Regarding animal size, dog weights were less than 6kg (21; 42.0%), between 6-15kg (20; 40.0%), and 15-25kg (8; 16.0%), and greater than 25kg (1; 2.0%). Cat weights were less than 2kg (2; 18.2%), between 2-3kg (3; 27.3%), 3-4kg (5; 45.4%), and 4-5kg (1; 9.1%). As for etiology, car accidents were the main cause (45 dogs; 3 cats), followed by falls (2 dogs; 4 cats), dog bite (1 dog; 3 cats), treadmill (1 cat), human aggression (1 dog), and ballistic projectile (1 dog). In this study, car accidents and falls were the most frequent causes of femoral fractures in dogs and cats, respectively. Traumatic events are the main cause of orthopedic disorders in dogs and cats (STREETER et al., 2009; ELZOMOR et al., 2014), and fractures result mainly from car accidents (VIDANE, 2014), ballistic projectiles, fights, and falls (KUMAR, 2007). High incidence of car accidents was due to the high number of both animals with access to public roads, and owners who suppress the containment and protection measures in their homes and during outings (LIBARDONI et al., 2016).
In this study, 62 femoral fractures were evaluated (Table 1). The simpler and more complex proximal, diaphyseal, and distal fractures were “3 1 A1” (n=1), “3 1 C1” (n=1), “3 2 A1” (n=11), “3 2 C3” (n=1), “3 3 A1” (n=24), and “3 3 C2” (n=2), respectively. In the comparison between fracture morphology and bone zone (Table 2)simple fractures in the distal epiphysis (n=25) were most frequent (P=0.0001). Distal fractures were individually described as Salter-Harris type I (n=7), Salter-Harris type II (n=13), Salter-Harris type III (n=1), metaphyseal extra-articular fracture (n=6), and partial joint fracture (n=1). We emphasized that fragment exposure occurred in three of the fractures mentioned above. Only two proximal fractures occurred (major trochanter avulsion and metaphyseal extra joint fracture), both in dogs.
Alphanumeric morphological classification of fractures, according to location, morphology, and severity, in dogs and cats attended in a hospital school (January 2015 to December 2016).
Comparison between fracture morphology and the bone zone using the G Test (P<0.05) in dogs and cats attended in a hospital school (January 2015 to December 2016).
A careful evaluation of femoral fractures is of paramount importance in order to adequately plan the treatment (BEALE, 2004; ROUSH, 2005). In the present study, the classification system adopted by the AO Vet (DeCAMP et al., 2016) allowed to evaluate and alphanumerically codify fractures in terms of location, morphology, and severity, thus facilitating fracture complexity determination and its subsequent evaluation regarding appropriate treatment and prognosis.
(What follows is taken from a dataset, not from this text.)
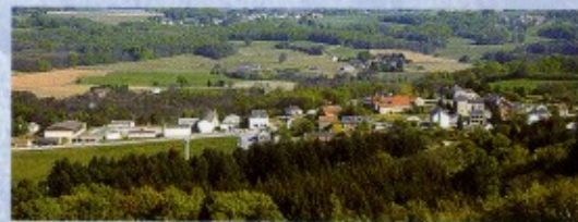
Vue panoramique depuis la Pierre du Roy.

À l'angle sud des antennes, le chemin traverse une lande de bruyères et de fougères en longeant la forêt. Descendre sur 300 m puis prendre à droite. Vue sur le carrefour du col de la Roche. Descendre par un chemin, parfois humide, qui rejoint la route au col de la Roche (456 m). Traverser la D 914 en direction de Saint-Sulpice-Laurière. Les promeneurs fatigués peuvent rejoindre directement leur point de départ en traversant Saint-Sulpice-Laurière. Pour les plus courageux, il reste encore une belle promenade à travers la forêt. Prendre à gauche en direction du Maillorat. La route monte sur 200 m environ. Prendre le chemin forestier sur la droite et suivre sur 800 m jusqu'à un virage goudronné très accentué. Dans le virage, prendre à droite un chemin qui traverse la forêt sur 1,5 km environ et rejoint Saint-Sulpice-Laurière au lieu-dit «La Pissarote» à cause des nombreuses sources qui s'y rejoignent. Vous êtes alors à 25 m de votre point de départ : le lavoir de Cressac.

In this study, nine internal fixation methods were used for primary bone repair (Table 3) Lateral access to the thigh was performed to reduce the proximal and diaphyseal fractures, with separation of the biceps femoris and vastus lateralis quadriceps muscles from each other. Lateral arthrotomy was performed in dogs (weight ≤15kg) and cats, and medial arthrotomy was performed in dogs (weight >15kg) to reduce distal fractures. Intramedullary pins were used in proximal fractures in association with cerclage (n=1) for reduction of the subtrochanteric fracture, and tension band (n=1) for avulsion of the greater trochanter. Bone plates and screws were used for treatment of diaphyseal fractures (compressive function, n=1; neutral function after interfragmentary compression, with cerclage, n=1; and, bridge function, associated with the use of intramedullary pin, n=6), two intramedullary pins to fill 85% of the medullary canal (isolated, n=5; or associated with the use of cerclage, n=14) and external skeletal fixator Tie-In configuration (n=5) (association of an intramedullary pin and type-IA external skeletal fixator). Animals with distal fractures were treated using the modified Rush intramedullary pin technique (n=11), cross-pin technique (n=14), and Tie-In configuration (n=3).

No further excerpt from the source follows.